December 19 and hardly any snow in Syracuse,NY!!!!!! All the big storms have missed us so far or have been rain. WTH is going on here????? Looks like it is gearing up to be a crummy snow season here......AGAIN!!!!


----------



## grandview (Oct 9, 2005)

Looks like you'll be last in the Golden Snowball award!


----------



## Brian Young (Aug 13, 2005)

I know, its frustrating watching everyone else get all the snow. We haven't much in the way of snow either, this time last year we had well over 3ft on the ground. There is absolutely nothing on the ground now and maybe a dusting by Sunday. They say we have a season total of 12.5" so far and I bet thats stretched by 4 or 5 inches. Some forecasts are saying a major winter storm by Christmas....we'll see.


----------



## Luppy (Oct 6, 2003)

I feel your pain since it's been the same here.
Something supposedly on tap for Sunday..will see.
Hope the snow gods send some your way too.


----------



## jmac5058 (Sep 28, 2009)

Luppy;914082 said:


> I feel your pain since it's been the same here.
> Something supposedly on tap for Sunday..will see.
> Hope the snow gods send some your way too.

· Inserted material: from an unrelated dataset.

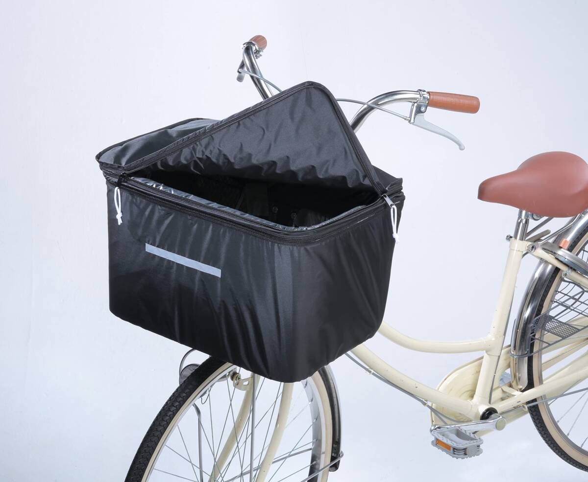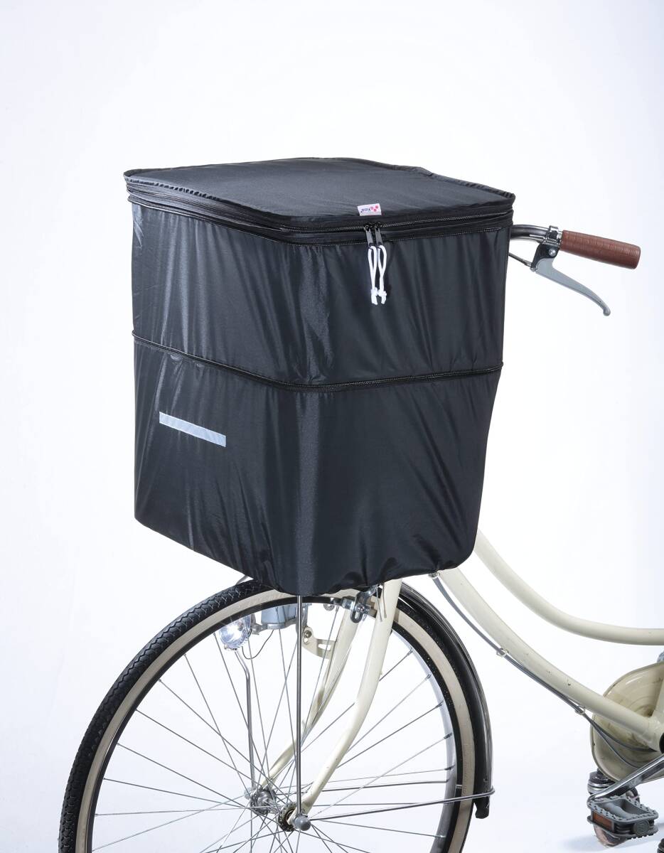本体・ファスナーの色もオールブラックで、男性にもご利用いただけるシンプルなデザイン。 道も安心の反射帯付き。 っぷり収納できる2段式カゴカバー。 の日も安心な防水&撥水加工。 開きで開閉楽々。背面伸縮ゴム入り。 ・夜道も安心の反射帯付き。 ・たっぷり収納できる2段式カゴカバー。 ・雨の日も安心な防水&撥水加工。 ・両開きで開閉楽々。 ・前ポケット付き。 ・背面伸縮ゴム入り。

Luppy the only pain youll be feeling on sunday will be your ass from siting in your Jeep for so long.Thats one awsome driveway plow you have there ,what type motor come in those.


----------



## Bajak (Nov 12, 2008)

This is great! I don't care for the cold but I like it when it's not snowing. It makes up for the last couple years.payup

Go seasonal.


----------